Here's a piece of a longer article, from the section on the Geneva Conventions:

http://writ.news.findlaw.com/commentary/20051107_bergen.html

International Law: How It May Apply to the Secret CIA Gulag

Common Article 3 (CA3) of the 1949 Geneva Conventions, which has been described as "'a convention within a convention' to provide a general formula covering respect for intrinsic human values that would always be in force, without regard to the characterization the parties to a conflict might give it," protects any detainee under any circumstances. The denial of its protections is therefore a grave breach of Geneva and a war crime under the United States' War Crimes Act of 1996.

CA3 prohibits taking hostages, and it prohibits outrages upon personal dignity, including humiliating and degrading treatment. It also prohibits the passing of sentences and carrying out of executions without a previous judgment by a regularly constituted court affording all judicial guarantees.
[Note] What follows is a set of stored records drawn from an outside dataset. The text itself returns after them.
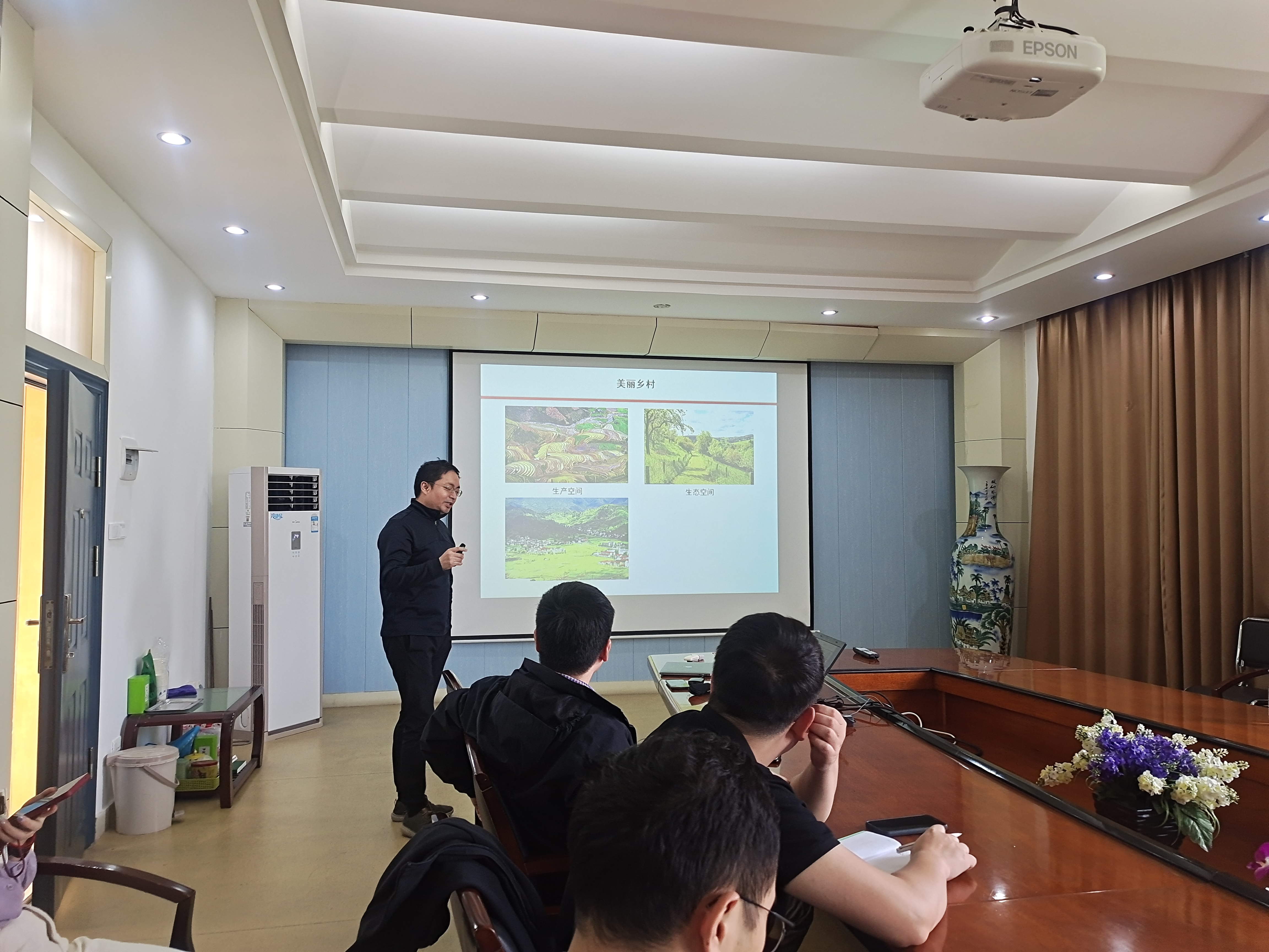 最后,在场同志与两位老师就相关主题进行了积极交流与讨论。李韩老师就乡村规划效果评价与分析对孔老师进行了提问。孔老师从政府、农民等不同主体角度进行回答,认为评价应该从现实效益与农民主观满意度方面开展。钟一鸣同志随后向刘老师询问了自然资源资产升值的测算相关问题。刘老师介绍了自然资产升值的测算现状与发展趋势,解释了GEP等重要指标内涵与作用。杨显曾同志就城市扩张与乡村振兴、乡村人减地增问题等与孔老师进行讨论。最后,徐智邦同志就合村并居对农村耕作方式的影响与孔老师展开交流。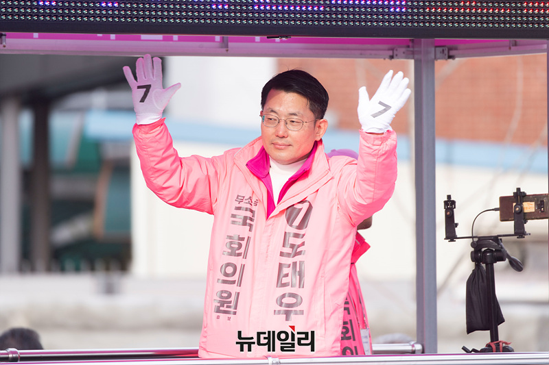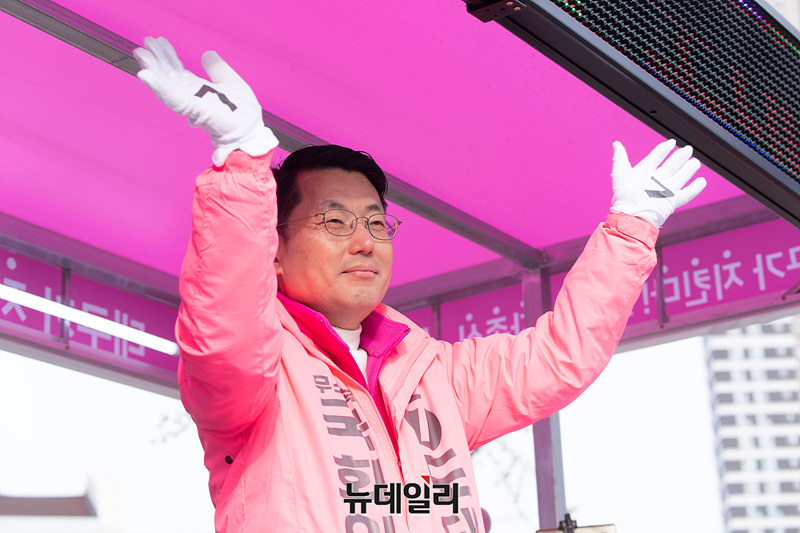 무소속으로 출마한 도태우 대구 중·남구 후보가 2일 오전 대구 삼덕네거리에서 열린 선거유세 현장에서 시민들에게 인사하고 있다. (대구=서성진 기자)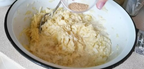 Затем я солю их, перчу, добавляю немного сахара, сушеного чеснока и хорошо перемешиваю.

Additionally, transfer of any person who is not a prisoner of war out of occupied territory is a grave breach of the Geneva Conventions, as well as a war crime. Deportation is also a crime against humanity under the Nuremberg Charter.

Enforced disappearances are also barred by international law, as are arbitrary detentions. According to Article 7 of the Declaration on the Protection of All Persons from Enforced Disappearances, adopted by the U.N. General Assembly in 1992, "no circumstances whatsoever" may justify enforced disappearances.

A U.N. Working Group on Arbitrary Detention declared that U.S. detentions without status determinations constitute arbitrary detentions in violation of the Third Geneva Convention. The Parliamentary Assembly of the European Council resolved in 2003 that the detentions in Guantanamo, Afghanistan, and elsewhere were unlawful.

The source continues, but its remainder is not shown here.